Therefore, by calculating the internal resistance of the sensor element more accurately, the temperature of the sensor element can be calculated more accurately, and therefore the thermal management of the sensor element can be performed more accurately.

A further advantage is that the first and second current pulses can be kept short because only two measurements need to be taken during the presumed linear voltage process. Therefore, the probe can be reused faster to measure the oxygen concentration of the exhaust gas.

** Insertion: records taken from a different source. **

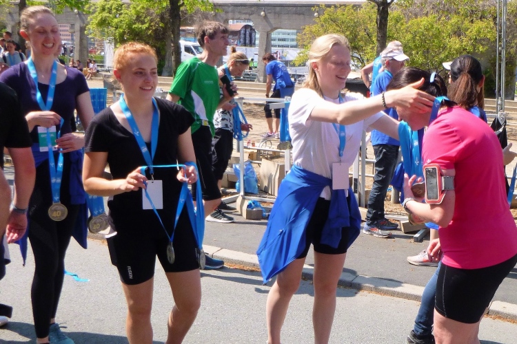 Im Nachzielbereich gibt es verschiedene Getränke, auch alkoholfreies Bier aus der Gegend von München, Obst und Gebäck. Die Duschzelte sind ausreichend groß, das Wasser warm. Die Wiese am Hafenbecken bietet sich zum Verweilen bestens an. Verwegene nutzen die Badestellen für ein gesundes Abkühlen in der gut 10 Grad kalten Ostsee.
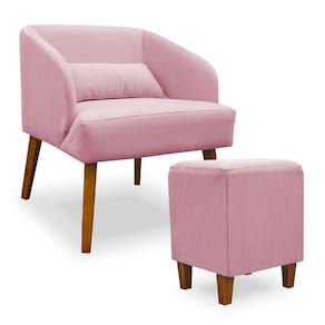 Poltrona Decorativa com Puff Virgínia Veludo Preto - Montanaris Decor
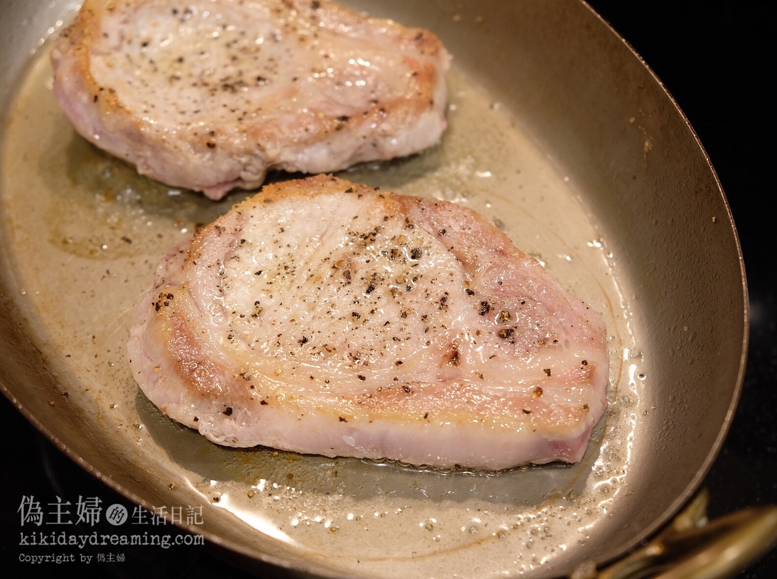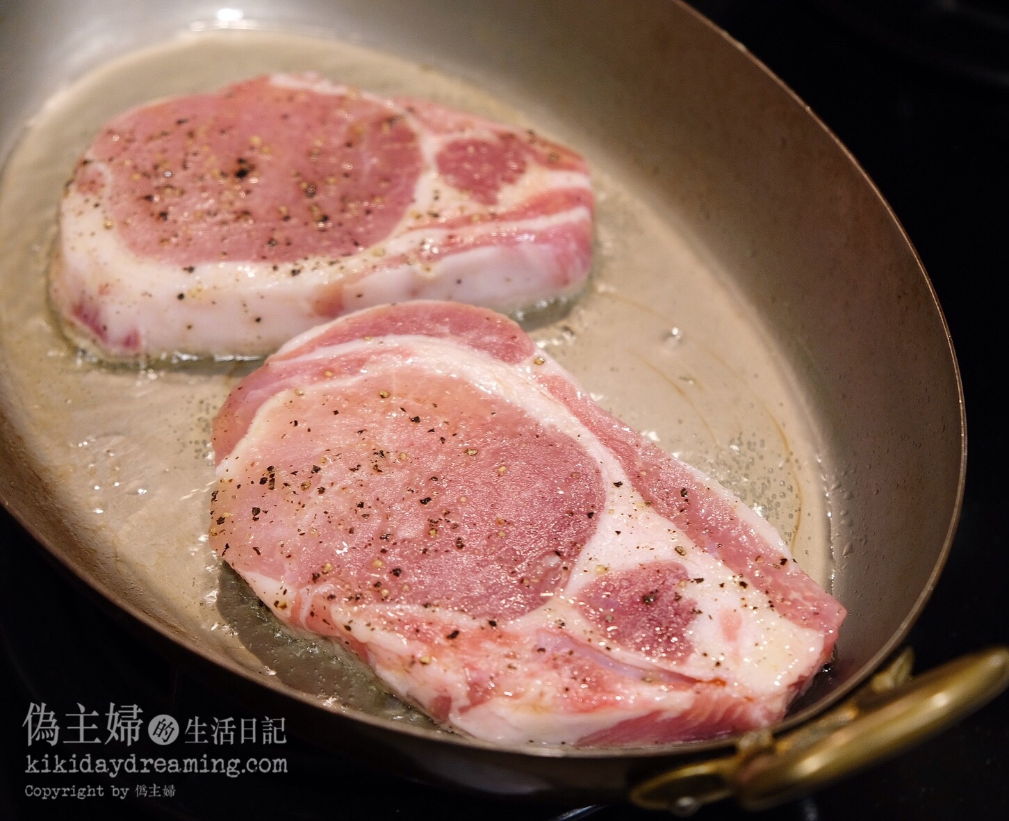 1. 先用橄欖油、鹽和胡椒把豬扒醃一下

In the second modification, a method for calculating the internal resistance of the sensor element for detecting the gas component from the gas mixture in the measurement gas space is proposed, the sensor element has at least one cell, and the cell has at least one cell. Includes at least one first electrode, at least one second electrode, and a solid electrolyte for connection, making it possible to measure the voltage between the first and second electrodes. The method is
-The step of calculating the reference voltage between the first electrode and the second electrode,
-At the first time, in the step of applying the first current pulse having the first current by the pulse generation unit, the first current pulse causes the charge shift in the sensor element, and the charge shift of the charge shift. The step in which the occurrence causes an increase in voltage between the first electrode and the second electrode,
-A step of calculating at least one voltage value between the first electrode and the second electrode at one time after the first time and after the lapse of the first transition time.
-In the step of ending the first current pulse and applying the second current pulse in the opposite direction having the second current at the second time, the second current pulse in the opposite direction is the first. And the steps that cause a negative and charge shift between the electrode and the second electrode,
-A step of calculating at least two voltage values between the first electrode and the second electrode at two different times after the second time and after the lapse of the second predetermined transition time.
-At the third time, the step of ending the second current pulse,
-A step to calculate the second gradient of a straight line passing through at least two voltage values at two different times,
-A step of calculating the voltage value at the first time based on the first current and the second current and the calculated second gradient.
-Contains a step of calculating the internal resistance of the sensor element based on the calculated voltage value, the reference voltage, and the first current of the first current pulse.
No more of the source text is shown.